What is required: Starting with the line that contains "NATIONAL AUSTRALIA BANK SOHE 2008", repeat exactly every line through the last one in the records below, and leave out the pictures.

Entries supplied:
::::::::
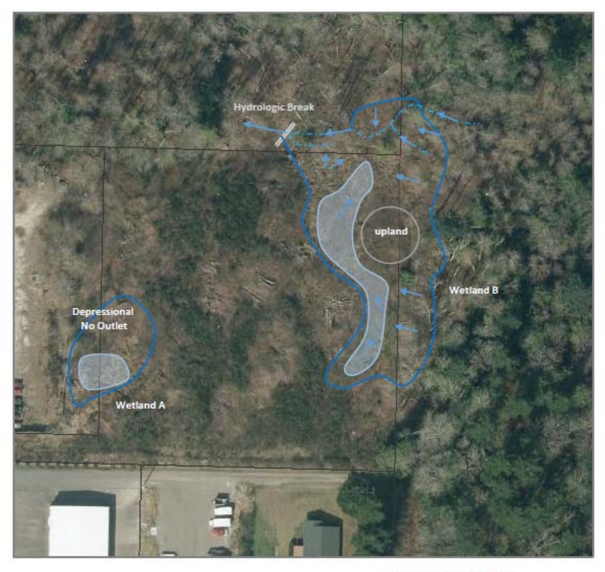
Figure 2. Hydroperiods Wetland A and Wetland Unit B Seasonal inundation (shaded)

ALL SECURE SELF STORAGE 6000 Block State Highway 303 NE Bremerton WA
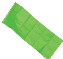
GREEN CREPE PAPER
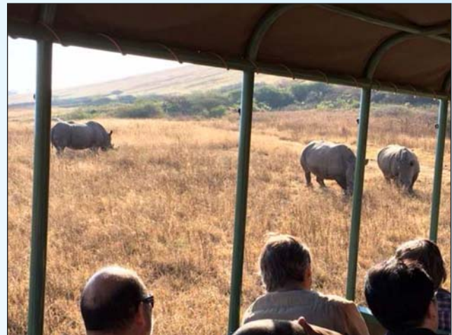
Delegates viewing Rhino on the game drive

The IMLA Conference was very well organised and hosted by the staff of the Durban University of Technology. The program contained a wide variety of topics to inform and stimulate discussions and provided delegates with an excellent opportunity to meet and network with colleagues in the international MET industry.
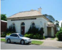
NATIONAL AUSTRALIA BANK SOHE 2008
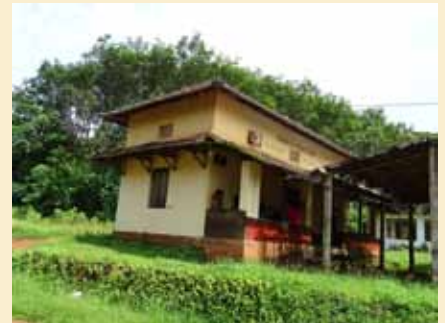
Andol Deshasevini Library
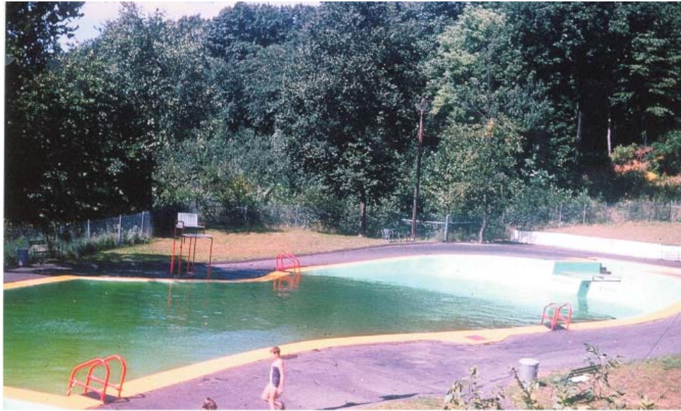
~ Photograph courtesy of Unionville Lions Club
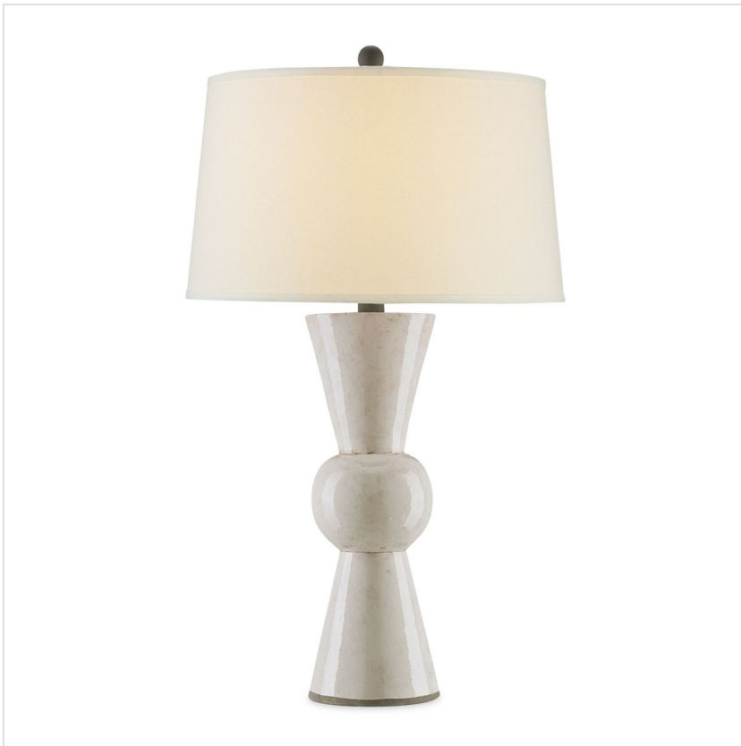
QNC-UPBEAT-TL-WH Upbeat 1 Lt Table Lamp - Antique White
::::::::
Problem solution:
NATIONAL AUSTRALIA BANK SOHE 2008
Andol Deshasevini Library
~ Photograph courtesy of Unionville Lions Club
QNC-UPBEAT-TL-WH Upbeat 1 Lt Table Lamp - Antique White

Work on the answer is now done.